А я, бесстыдно опираясь ей на плечо и в изнеможении закрыв мокрые и ничего не видящие глаза, подумал о Наталье Александровне. Я подумал, смогла ли бы она меня разбранить вот так — и со страхом за меня, и с любовью ко мне, — разбранить, если бы даже я ее не любил, точнее, не только бы не любил, а и показал бы, что не любил.
Я это подумал прежде всего, лишь смог вдохнуть воздуха. А уж потом подумал я о своем подлом положении зачинщика драки, бросившего товарища, который пришел на помощь. Я так подумал и резко обернулся обратно в драку.
Но дело там уже было закончено. Володя Дубин в злобе кричал молодому князю, но был крепко удерживаемым за руки.
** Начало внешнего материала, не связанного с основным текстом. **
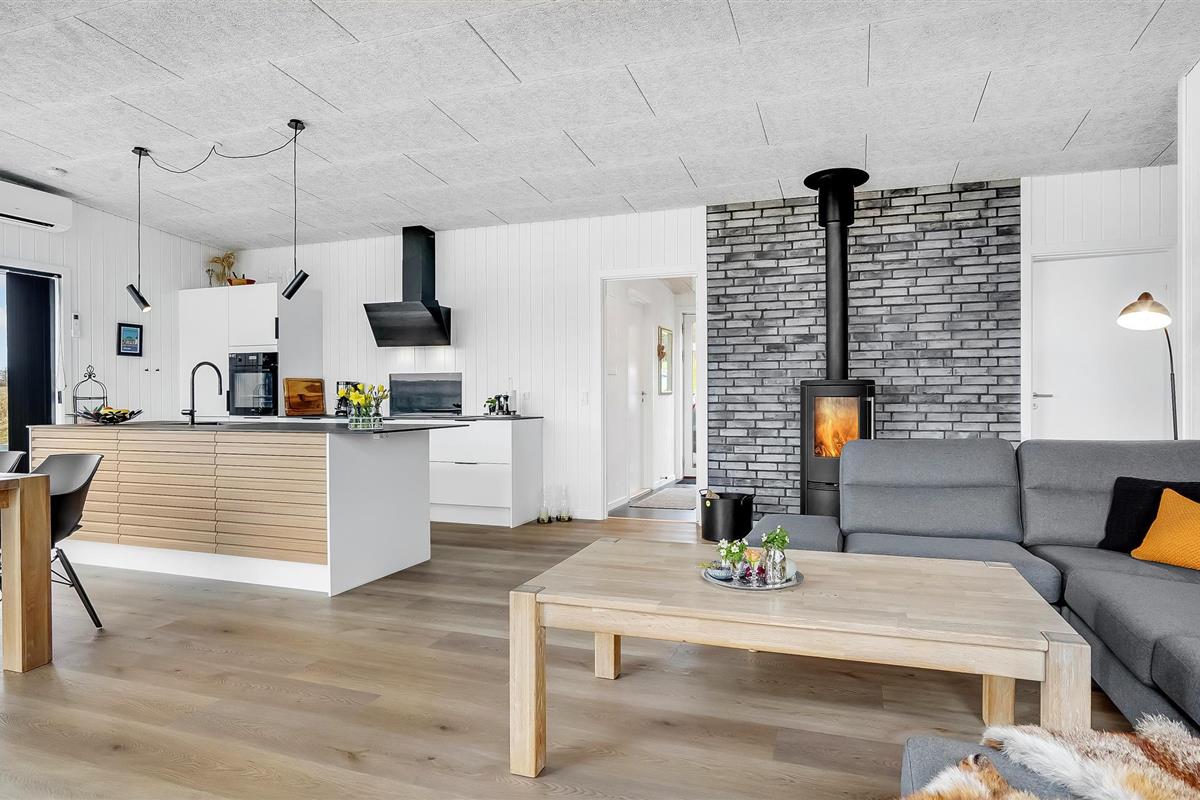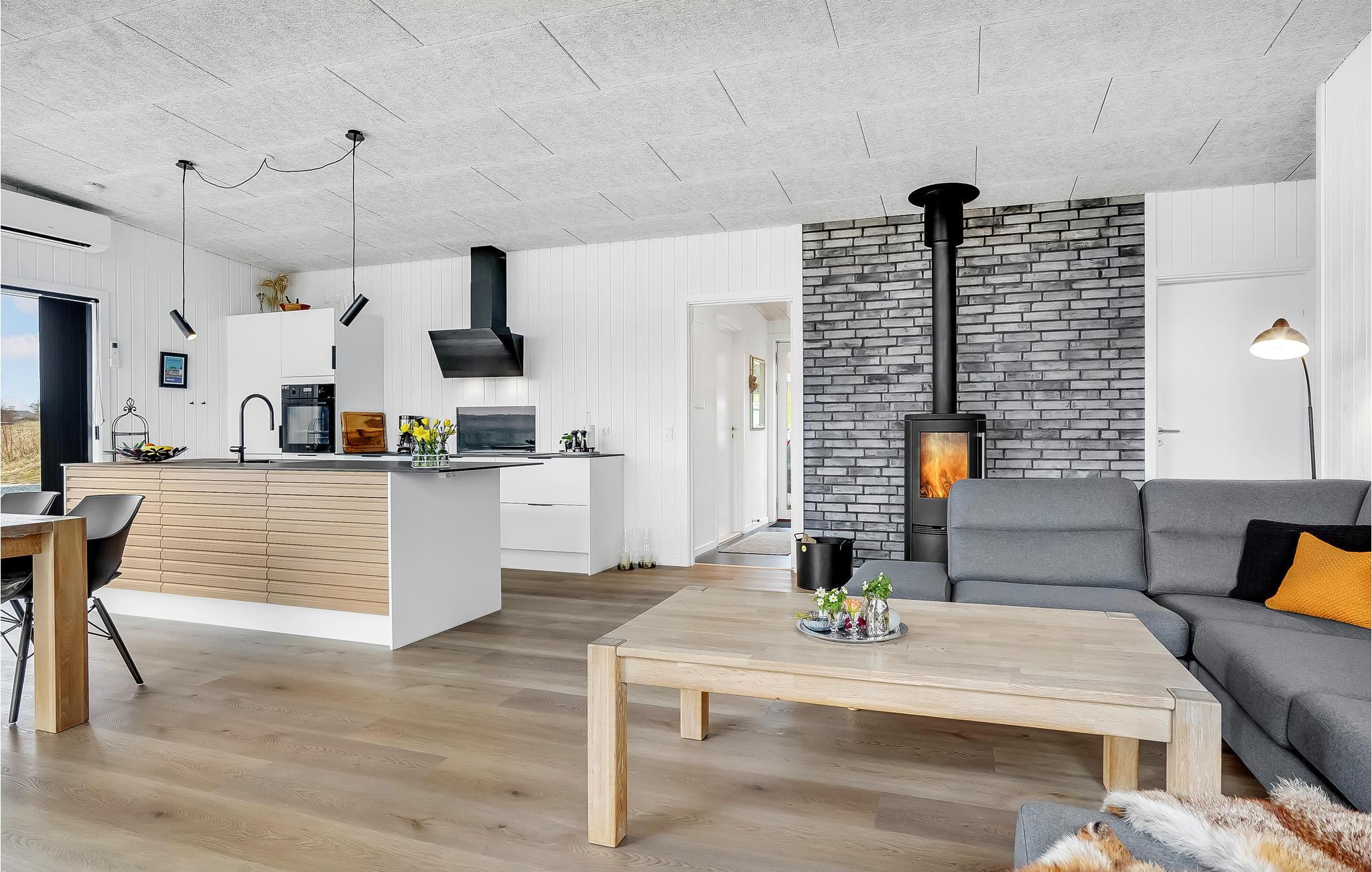 In dit huis met enkele stijlvolle details zult u zich meteen thuis voelen en dit uw tijdelijke thuis noemen. Het interieur wordt overspoeld met daglicht dankzij de grote ramen en biedt u een nette moderne sfeer met een gezellige inrichting. Hier kun je het jezelf gemakkelijk maken met je familie, urenlang samen eten en kaarten, terwijl de open haard gezellige warmte brengt. Stap uit op het open overdekte terras, steek de barbecue aan en sluit uw avonden af met lekkernijen en misschien een glas wijn, of maak van de gelegenheid gebruik om van de zon te genieten op de ligstoelen.

И молодой князь, в злобе же порывающийся на Володю, не мог высвободиться от надежно его держащих многих рук.
Полицейский чин натужно сверлил улицу свистком. Лошадь, схваченная под уздцы, плясала, и коляска продолжала дергаться, будто я все еще за нее держался. Отчего-то я посчитал в тот миг, что она дергалась не от волнения лошади, а от моего кашля.
Я обернулся ринуться в драку. А меня шатнуло в сторону, и я упал. И снова Ксеничка Ивановна подхватила меня. Я почувствовал ее руки. И вдруг я испугался за нее. Что-то сильным ударом пришло мне в грудь. Я как бы стал ею, Ксеничкой Ивановной. И мне стало видно, как ей счастливо сейчас, в этот миг, пока она может служить мне, быть мне необходимой, и как ей станет одиноко через миг, когда я перестану нуждаться в ее помощи.
— Господи, — сказал я, как пьяный, и, не обращаясь именно к Богу, а только посредством этого восклицания сокрушаясь о себе. — Господи, ты ведь мне ничего не дал! Не дал даже Натальи Александровны, не говоря уж о Ксеничке Ивановне! — И в порыве прошептал Ксеничке Ивановне: — Простите, простите меня, дорогая моя Ксеничка Ивановна!
Я так прошептал в порыве, порывом же подавляя желание назвать ее любимой. Прошептал и увидел, что этого делать было не надо. А если и надо — то как-то по-другому, то есть надо было делать так, как говорил Раджаб: на войне надо думать только о войне! — из чего выходило, что в драке надо было мне думать только о драке и слов этих Ксеничке Ивановне не говорить, не показывать ей посредством этих слов своей нелюбви.
И мне вспомнился пятый год у нас в Екатеринбурге, перемеженный воспоминаниями Вано о персидских событиях.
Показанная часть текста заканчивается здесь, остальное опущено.